_Task to carry out_: Word for word, write the lines below out again, with no pictures.

*** Data excerpt

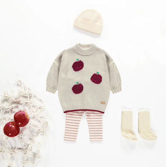 Baby Cream Knit Dress with Long Sleeves, High Collar, and Apple Pattern
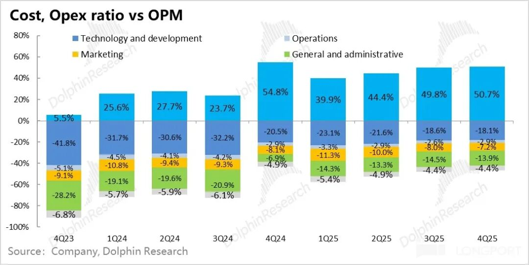 四季度,公司费用端基本兑现控费承诺:基本收入环比0增长,费用0增长,这里主要是占比最大的研发费用稳住,同时管理费用没有进一步增长。
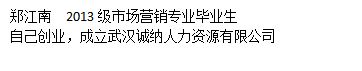 郑江南 | 2017届市场营销 | 自己创业,华烨文化有限公司 |

******

_Answer to this problem_:
 Baby Cream Knit Dress with Long Sleeves, High Collar, and Apple Pattern
 四季度,公司费用端基本兑现控费承诺:基本收入环比0增长,费用0增长,这里主要是占比最大的研发费用稳住,同时管理费用没有进一步增长。
 郑江南 | 2017届市场营销 | 自己创业,华烨文化有限公司 |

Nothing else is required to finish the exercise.